The problem is those darn neighbors. I overheard that the shrink questioned them too. The family should have bribed them into agreeing with us! They had to be stingy of course. Wouldn’t want to waste any of our precious money to protect ourselves now do we? I won’t forgive him if we don’t get the money. I’d rather not go to jail, thank you. Might not be a bad idea to skip town and start a new life. No, I won’t back down now. I won’t be the coward when we’re so close to getting that darn money. I’ll just sit tight and wait it out. Too late to back out now anyway, they’ll have wanted posters of me by the end of the week I just know it. So much for easy money.

Wednesday, May 7, 2008

What Makes a Writer?

Writers come from many different backgrounds and have many different views on how one should write. Most believe that you must revise over and over again to truly write well. Others never revise at all, saying that revision takes away from what comes naturally. I find myself revising instinctively, changing things only when it occurs to me to do so and mostly leaving things the way I wrote them. Some can only concentrate with silence; others like to have music blaring on the radio. I find it easier to write at night, usually in silence or with the radio on low. Some are night writers; others can only focus in the day. I can write in the day if I have to, but I prefer to get out a notebook and a pencil just before I go to sleep.

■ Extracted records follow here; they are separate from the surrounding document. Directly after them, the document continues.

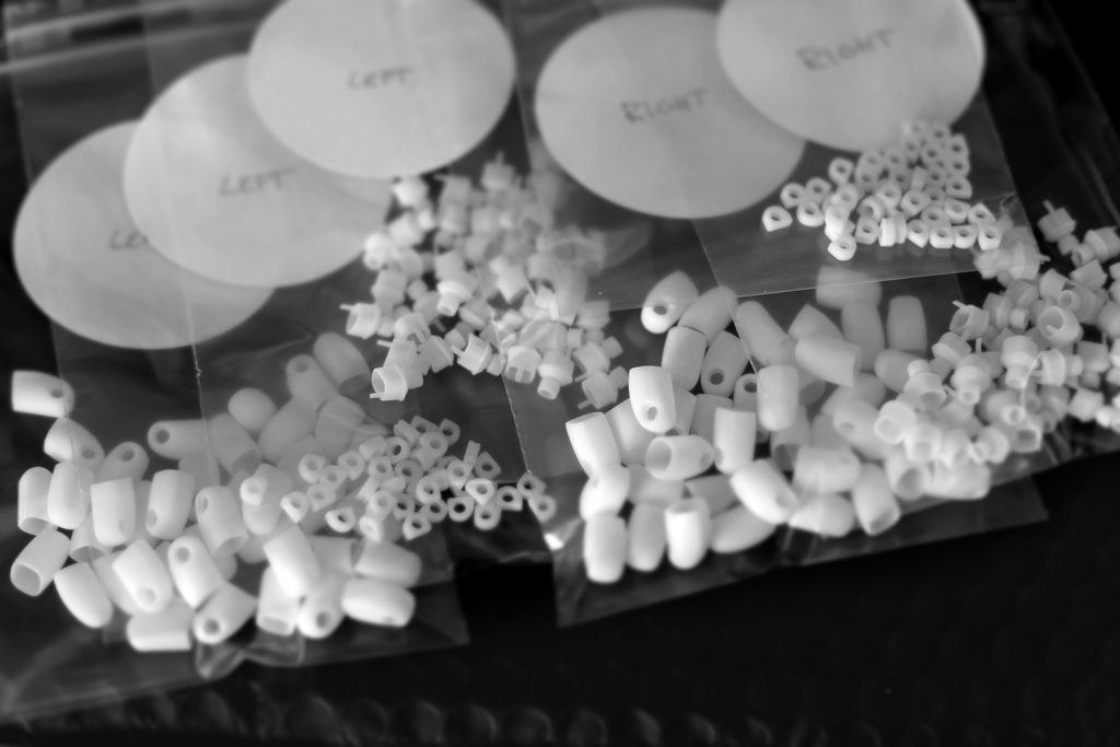 – Vi testar oss fram i många iterationer med prototyperna, utvärderar utseendet, passformen i öronen, finjusterar i CAD och DM gör nya prototyper. Ibland gör de en liten serie prototyper så att vi även kan testa akustiska lösningar med olika typer av filter, vent ports, olika delningsfrekvenser på högtalarna mm.
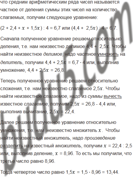 Среднее арифметическое четырёх чисел 6,7. Первое равно 2, второе в 1,2 раза больше первого, а третье меньше четвёртого в 1,5 раза. Найдите третье и четвёртое числа.
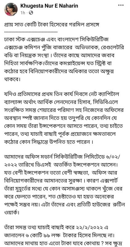 ‘আমাদের অফিস মডার্ন সিকিউরিটিজ লিমিটেডে ৬/০২/ ২০২২ তারিখে ডিএসই অতর্কিত ইন্সপেকশনে আসেন। যত বেশী ইন্সপেকশন ততো বেশী স্বচ্ছতা, অফিস আর বিনিয়োগকারীদের আমানতের সুরক্ষা । কারণ এক্সপার্ট তাঁরা মুহূর্তের মধ্যে যে কোন অসামঞ্জস্য থাকলে খুঁজে বের করে ফেলতে পারেন, শত চেষ্টাতেও যা হয়ত অনেকের পক্ষেই সম্ভব নয়। এটা তাঁদের এবং প্রতিটি হাউজের রুটিন ওয়ার্ক।’
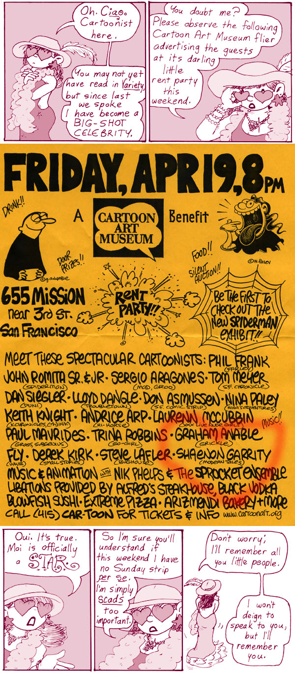 Keith Knight made the poster. Thanks, Keef. Oh, and the Spider-Man show, “Web-Slinging and Wall-Crawling,” was the first Cartoon Art Museum show that Andrew helped curate. So all in all this was a heck of a rent party.
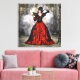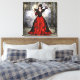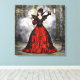 Representación digital en 3D de una hermosa mago hembra con un vestido rojo y negro con alas en un fantástico y espeluznante fondo de castillo
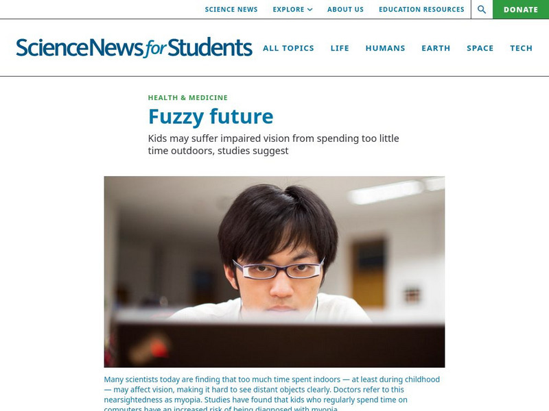 This article explains how too much time indoors as children may be leading to vision problems in young people, especially myopia. Article includes a vocabulary list and a printable word search.
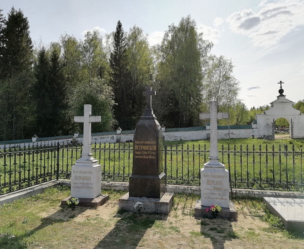 В полутора километрах от усадьбы в селе Николо-Бережки при храме святителя Николая (1792) находится семейное захоронение Островских. Нам посчастливилось поклониться праху Островского и посетить верхний (летний) храм церкви святителя Николая с барочным иконостасом XVIII века. Вокруг – чарующие пейзажи. Когда-то здесь была «хорошая охота» и «отличная рыбная ловля».
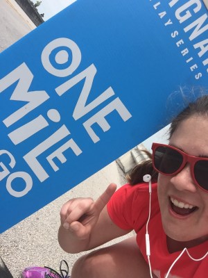I finally get to the one mile sign and want to take my only selfie opportunity for the run. I can’t get it right. It takes me many tries and many seconds. I give up and keep running.
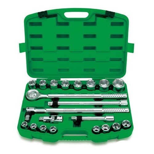 У даний набір включені: 16 торцевих 6-гранних головок від 19 до 50 мм, два подовжувача з фіксацією розміром 200 і 400 мм, кардан, комірець з шарніром з фіксацією і тріскачка на 24 зубця з подовжувачем 500мм.
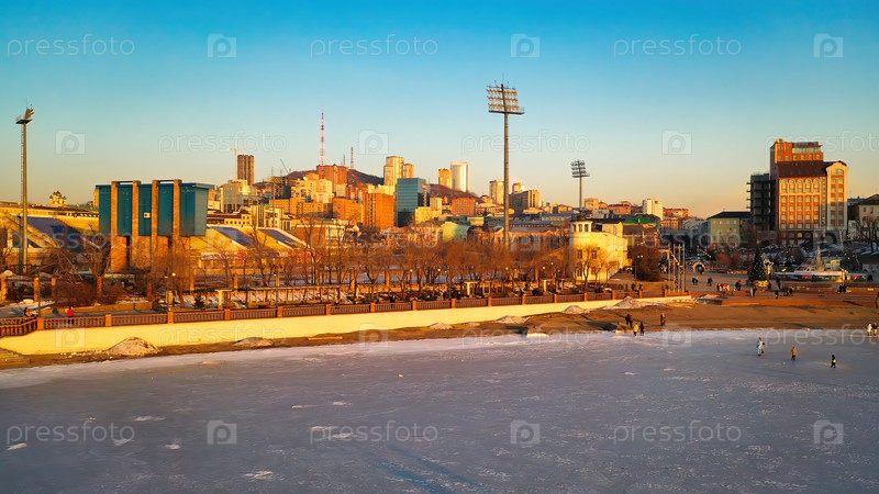 Вид сверху на зимний Владивосток, Россия
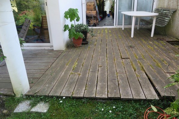La terrasse en bois : le ratage classique. Nous avons démonté cette terrasse et nous l’avons reconstruite une fois de plus, toutes les erreurs ont été commises sur cette terrasse bois.
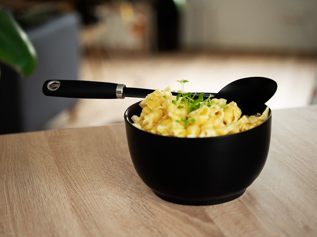 Belægningen af ONYX COOKWARE™ SOLID SKE er pletafvisende, hvilket holder produktet pænt under madlavning og gør det til en leg at rengøre bagefter. Det virker næsten som en synd ikke at håndvaske et produkt, der ser så godt ud, men vi lover, at grydeskeen er 100% opvaskemaskinesikker. Kernen i rustfrit stål fungerer perfekt sammen med ONYX COOKWARE™ MAGNETISKE KNIV-VÆGBESLAG, hvilket giver mulighed for praktisk opbevaring.
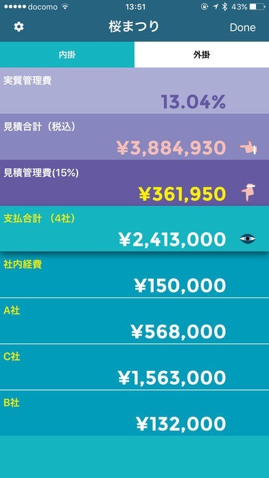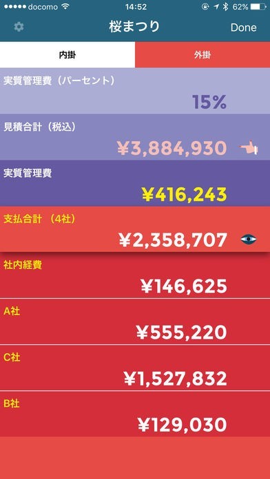 アプリを使ってプロジェクトごとにデータ保存しましょう。それぞれの見積額や仕入れ額を記録しておくことができます。プロジェクトの振り返りにも使うことができるでしょう。

Writing in itself is hard work, but when you enjoy doing it, it seems easy. I find it easier to work on something I assigned myself to do than to do something that I was told to do. This is the reason why I don’t do well in English, yet have an enthusiasm for writing and reading. I’m far from professional by any means, but I do sometimes get the itch to write a story. Most of my focus has been on fictional writing, so non-fiction is something I tend to veer away from. I’m a bit afraid of it actually, since I don’t find my life all that interesting and don’t even know where to start when attempting a biography.

Monday, May 5, 2008

On Writing

Most of my writing has been online in roleplaying forums. Basically it's making a story with many different authors, each author controlling one or two characters. There is one creator who keeps things from drifting too much. I plan on making an RP (short for roleplay) soon using a regression-type plot.

In the past I have made a scene in dialog format for a Freshman English class. I have also been working on several ideas since 8th grade. For five years I have kept a diary/journal on day-to-day things which has been nice to look back upon. Sometimes I forget to write, or just don't feel like it so there are some huge gaps in it. In Health class I kept a journal on various things. One entry described a scene from a story idea I had been working on Freshman year.

As you can tell I forgot my eraser today, so any mistakes are there to stay. I believe that I am a rather good writer nonetheless. The hard part for me is to finish what I've started. Some of my papers I didn't finished completely so I didn't hand them in. Band mistake on my part. I have since decided that handing in incomplete work is better than not handing anything in at all. However, I do plan on working hard this "semester" and finishing my papers.